Show me an authentic faith, and I’ll show you someone with more questions than answers. I may be biased, but I think someone who can admit to knowing nothing for certain is the hallmark of someone who is on the right track. I’ve never understood the Christians whose mental landscape is solely black and white. The deeper I dive into scripture, the more I try to understand God, the more gray everything becomes.

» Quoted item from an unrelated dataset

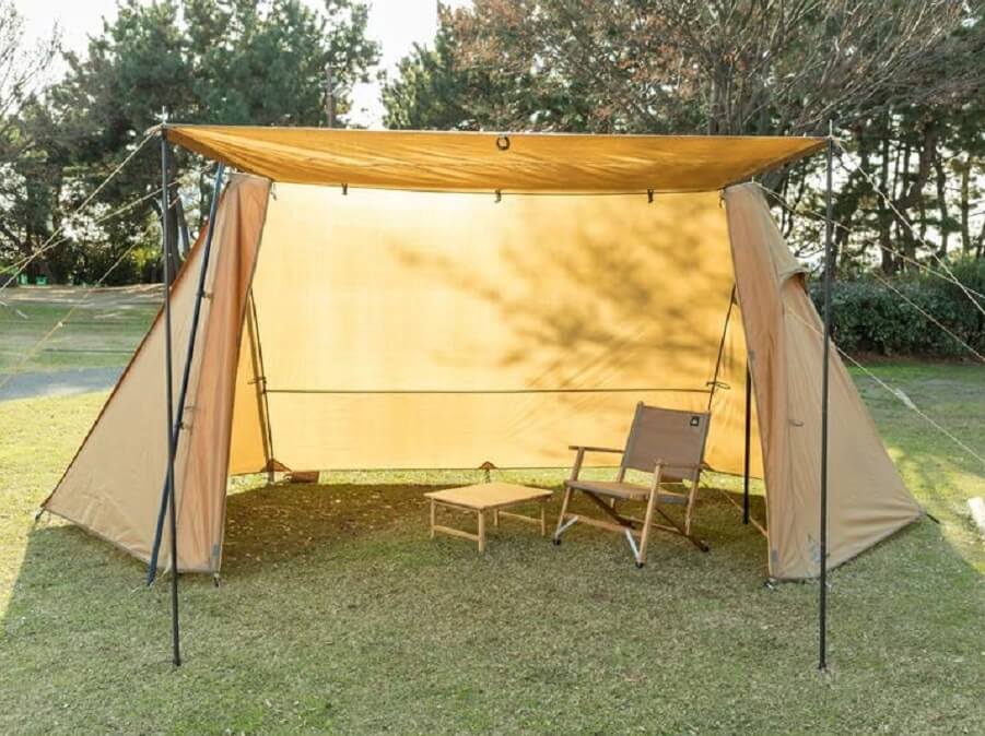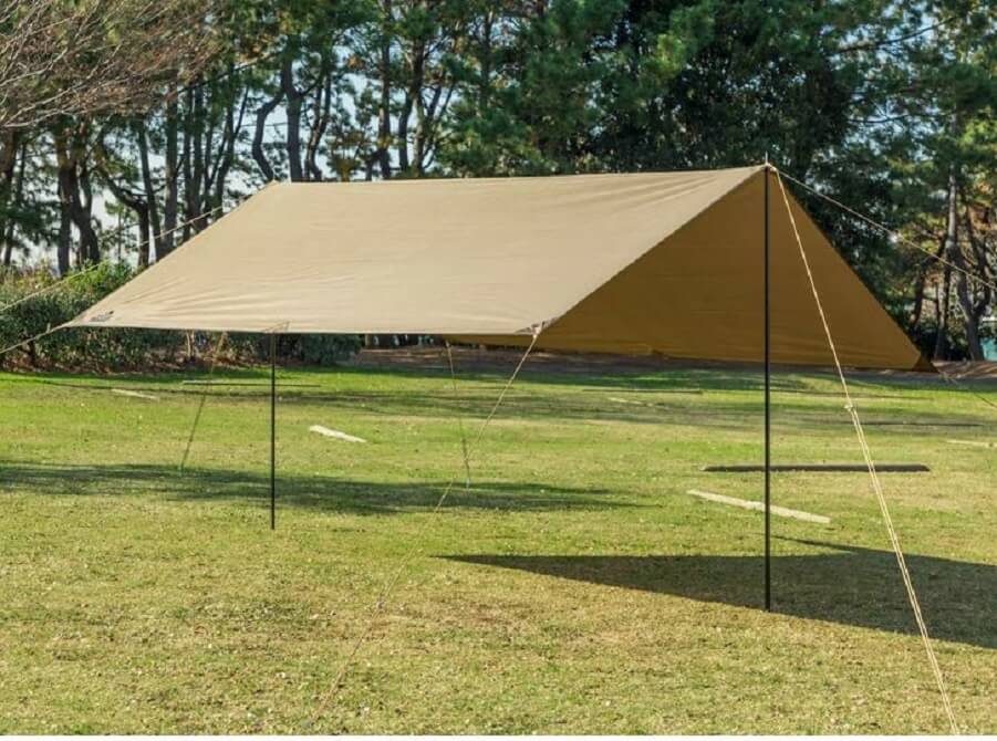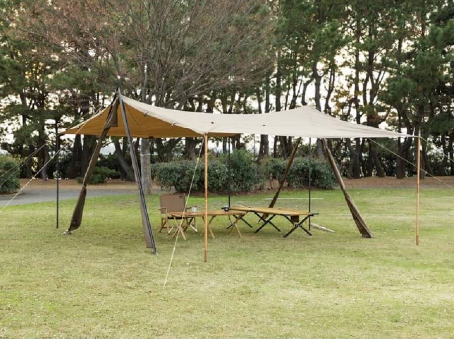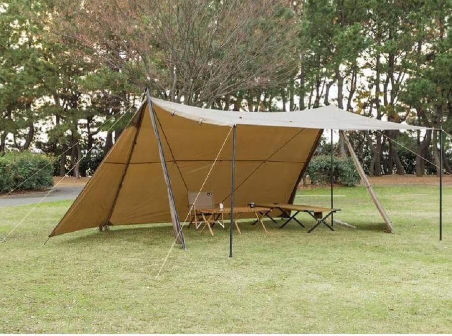 設営がしやすい長方形タイプのタープです。フォークティピィテントと組み合わせて使用するなど、アレンジもしやすいタープですね。

I’m constantly asking myself if I’ve gone too far. Have I crossed the line? I’m keenly aware of the fact that I’m walking out my Faith on the burning edge of Grace… Hedonism on one side, Legalism on the other. With every issue I encounter, I have to examine my initial response to it, then wonder if I’ve veered to far in either direction. The balancing act is exhausting.  To some degree, I think this grayness contributes to the problem I wrote about last week… I have a hard time becoming angry at anything because I’m constantly aware of how possible it would be for me to go down a similar path. Some days I envy the Christians whose faith is made up of lines in the sand. A little black and white would be a welcome relief to the dizzying array of grays that have become my moral compass.

What’s that? Examples, you ask?

Remember when Christians said that slavery was totally cool? I think most of you would agree that we were mistaken. In ten years, will we be saying the same thing about homosexuality? I don’t know, but in the name of full disclosure, I’m leaning towards yeah, probably… and I’m pretty okay with that.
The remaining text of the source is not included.